Ligand binding to EGFR at the cell surface leads to activation of the receptor tyrosine kinase activity, initiation of multiple signaling cascades and ultimately cell proliferation, differentiation or oncogenic transformation (reviewed in Lemmon and Schlessinger, 2010). Ligand binding also results in rapid endocytosis of EGFR and subsequent degradation of the receptor in lysosomes (reviewed in Sorkin and Goh, 2009a). Endocytosis and lysosomal degradation are thought to be the major regulators of EGFR signaling (reviewed in Sigismund et al., 2012; Sorkin and von Zastrow, 2009b). However, the molecular mechanisms of EGFR endocytosis are not well understood. Multiple pathways of EGFR endocytosis have been documented including clathrin-mediated (CME) (Gorden et al., 1978; Hanover et al., 1984; Motley et al., 2003) and clathrin-independent endocytosis (for example, Caldieri et al., 2017; Orth et al., 2006). While receptor ubiquitination by the Cbl E3 ubiquitin ligase has been proposed to be one of the redundant mechanisms of the EGFR CME (Fortian et al., 2015), EGFR internalization was shown to be normal in mouse embryonic fibroblasts derived from a double-knockout of c-Cbl and Cbl-b (Mohapatra et al., 2013). Further, despite the well-established importance of the receptor kinase activity and phosphorylation in EGFR CME (reviewed in Sorkin and von Zastrow, 2009b), phosphatases involved in the endocytic process have not been identified. These deficiencies and inconsistencies in our understanding of EGFR endocytosis can be, in large part, explained by the unusual dose-dependence of the various EGFR endocytic mechanisms, their apparent redundancies and the experimental conditions used. Specifically, the use of overexpressed recombinant EGFR and high ligand concentrations favor EGFR internalization through clathrin-independent rather than CME pathways. To resolve these experimental inconsistences, we were prompted to renew our efforts to systematically analyze proteins and processes involved in fundamental mechanisms underlying EGFR trafficking.

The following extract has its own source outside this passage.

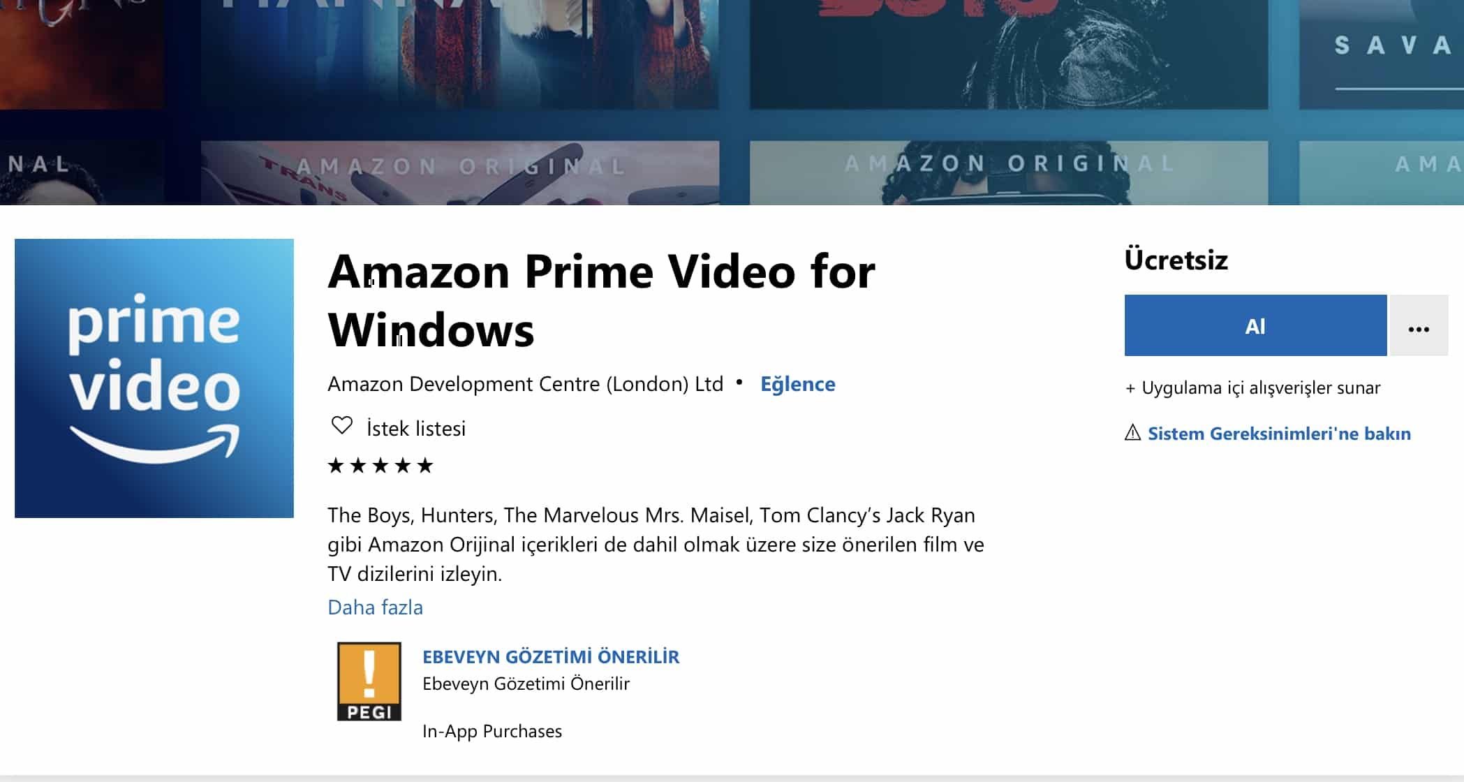 Windows 10 uygulaması ücretsiz olarak sunuluyor. Amazon Prime Video’nun Türkiye için abonelik bedeli aylık 5.99 avro. İlk bir ay için de ücretsiz deneme imkanı servis kapsamında sunuluyor.

Our recent study using endogenously expressed GFP-tagged EGFR allowed the demonstration that low concentrations of EGFR ligands are sufficient to drive EGFR-dependent growth of mouse tumor xenografts and that EGFR endocytosis in tumors in vivo is clathrin-mediated (Pinilla-Macua et al., 2017). These results inspired us to develop a more sophisticated endocytosis assay that would allow a quantitative analysis of the receptor traffic under physiological conditions. To implement this, we used CRISPR/Cas9 gene-editing to generate a new functional fusion protein of endogenous EGFR that can be used in an endocytosis assay that reports the pH difference between extracellular and endosomal pH. We took advantage of a pH-sensitive, membrane-impermeant tandem dye MG-Bis-SA that becomes fluorescent only when bound to the fluorogen activating protein (FAP) and whose dual fluorescence excitation results in pH-dependent far-red ratiometric emission (Perkins et al., 2018b). In the latter study, the effectiveness of MG-Bis-SA for studying endocytosis and recycling of FAP-tagged β2-adrenergic receptor (B2AR) overexpressed in HEK293 cells at single-endosome level was demonstrated. We have previously developed FAP-tagged antibodies and nanobodies to EGFR to study its expression and endocytosis in cells with high receptor levels (Ackerman et al., 2018; Tan et al., 2017; Wang et al., 2017; Wang et al., 2015). However, combining the MG-Bis-SA/FAP-based methodology and cells expressing endogenous EGFR with FAP at the amino-terminus allowed the development of an experimental model system that is amenable to a simple and highly sensitive single-cell readout, although in a high-throughput assay format, such that we can monitor and measure constitutive or ligand-induced EGFR endocytosis under physiological conditions, for example using low EGFR ligand concentrations.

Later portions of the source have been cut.